An 80-year-old man after a coronary artery bypass graft (CABG) in 2003 (LIMA-LAD, SVG-RCA, SVG-Dg) had a chest X-ray scan performed due to pulmonary infection which uncovered a mediastinal tumor. Using computed tomography SVG-RCA aneurysm consisting of two communicationg sacs (8.2 × 8.6 × 8.4 cm and 9.8 × 8.1 × 9.2 cm) were detected (Figures 1 A, B). The patient did not show any symptoms related to the aneurysm. The patient was consulted by the Heart Team in accordance with the literature regarding the risk of further enlargement or rupture of the aneurysms [1], and due to high risk of complications during sternotomy in the cardiosurgeons’ assessment the decision was taken to close the aneurysms percutaneously. The bypass graft was intubated from the right femoral artery using an 8F Cook Flexor guiding catheter. Before the occlusion, an 8 mm diameter balloon was inflated for 15 min in the proximal part of the graft, resulting in only a transient elevation of ST segments in II, III and aVF leads lasting for about 5 min with no typical pain. In coronary angiography, the distal part of the RCA was hardly supplied from the aneurysmal graft, but good and above mentioned control collaterals were visible from the left coronary artery, and above mentioned control balloon inflation was performed to check their efficiency. Due to diffused atherosclerotic lesions in the proximal and medial parts of the RCA, revascularization was not attempted. As we only observed transient ST segment elevation during the balloon inflation a “Vascular Plug II” (Abbott) size 10 mm vascular occluder was implanted in the proximal part of the graft (Figure 1 C). Total occlusion of the graft’s ostium was accomplished with no contrast flowing into the lumen of the aneurysm in follow-up angiography (Figure 1 D). Occlusion of the distal part of the aneurysm was technically difficult and was not performed. Despite collaterals of the RCA from the left coronary artery, elevated levels of troponin were noted in the periprocedural period with inferior segments’ hypokinesis. The patient was discharged in good overall condition 8 days after the procedure. Sadly, no follow-up information is available, due to the patient’s death caused by SARS- CoV2 infection.

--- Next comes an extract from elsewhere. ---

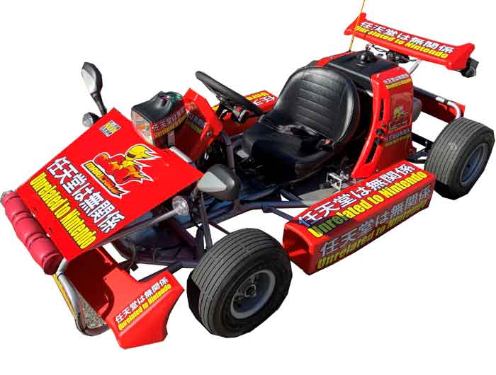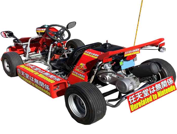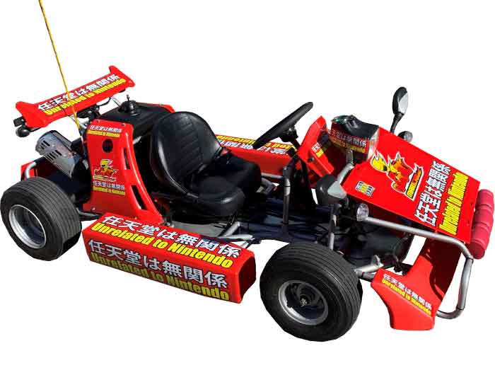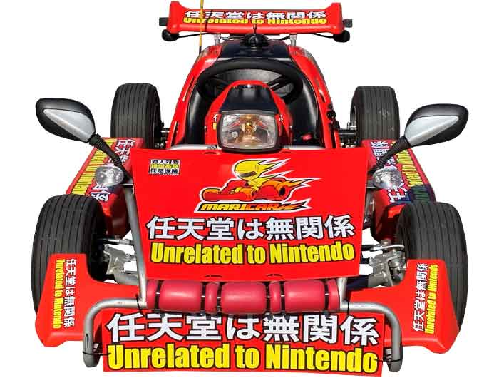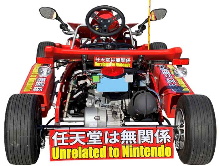 While the whimsical costumes worn by riders aren’t related to Nintendo and Mario Kart anymore, the karts themselves state that fact very evidently, over basically every usable surface, both in Japanese and English.

Saphenous vein graft aneurysms are a rare condition estimated by some authors to be present in 0.07% of CABG patients. The incidence rate may be higher given the frequent asymptomatic occurrence of especially smaller aneurysms [1]. Aneurysms bigger than 10 cm in diameter are considered to be at higher risk of rupture, and it is believed that they should be treated even if asymptomatic [1, 2]. Treatment options include surgery or percutaneous techniques such as implantation of various vascular plugs, covered stents, and arterial coiling [1, 2].
We report two giant compartment aneurysms of the vein graft to the RCA which were closed percutaneously. The decision to close the whole graft with compromises to the blood flow to the otherwise amputated native artery was preceded by transient graft occlusion with a balloon to check for collaterals in efficiency from the left coronary artery. Despite a good result of the test and reassuring data from the literature [3] the patient developed periprocedural myocardial infarction, which points to an uncertain outcome and individualized approach in this rare condition.